Russia increased gas shipments to Europe via pipelines in January by 41% over the same month last year, totaling 2.52 bln cubic meters, according to calculations by Vedomosti using data from Gazprom. According to experts, this was facilitated by frosts and lower fuel prices.
In January, deliveries in transit across Ukrainian territory to the European Union and Moldova amounted to 1.29 bln cubic meters, which is 32% more than the amount transported through Ukraine's gas transportation system in January 2023. Another 1.23 bln cubic meters of gas was provided by Russia in January via the Turkish Stream pipeline system for EU consumers. Compared to January 2023, Gazprom's export volume in this direction rose by 51%.
In January 2024, frosts in northwestern Europe increased demand for gas, resulting in a relatively quick fall in reserves, according to Ronald Smith, senior analyst at BCS World of Investments. At the same time, the first half of January last year in the EU was unusually warm, Finam Financial Group analyst Sergey Kaufman told the newspaper.
According to Ekaterina Krylova, managing expert at the PSB Analytics and Expertise Center, the volume of Russian gas shipments to Europe in the coming months would be determined by local air temperatures. Supply volumes may be lower than in January because unusually cold weather is not forecasted, she added. Igor Yushkov, a leading expert at the National Energy Security Fund, noted that customers in the EU will keep an eye on spot gas prices, and demand for Gazprom gas will be affected by them. According to Kaufman, the current level of Russian gas supplies may last through the winter, but export volumes will be lower in the second half of the year.

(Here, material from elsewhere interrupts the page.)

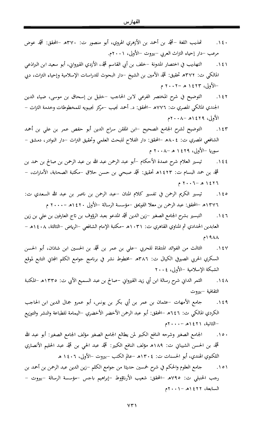 142 - التوضيح في شرح المختصر الفرعي لابن الحاجب -خليل بن إسحاق بن موسى، ضياء الدين الجندي المالكي المصري ت: 776 هـ -المحقق: د. أحمد نجيب -مركز نجيبويه للمخطوطات وخدمة التراث -الأولى، 1429 هـ -2008 م
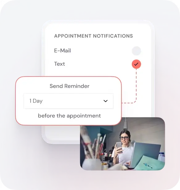Reduce front desk tasks by automatically texting or emailing appointment reminders to clients. Choose the timeframe for the reminder and get notified in the appointment book once confirmation is received.

Gas prices in Europe decreased last fall due to high storage levels and steady supplies of liquefied natural gas (LNG). As of February 6, March gas futures were trading at between $309 and $323 per 1,000 cubic meters. According to Finam, there are currently no prerequisites for a large increase in gas prices in Europe, and by the conclusion of the heating season, prices may fall to $300 per 1,000 cubic meters or lower.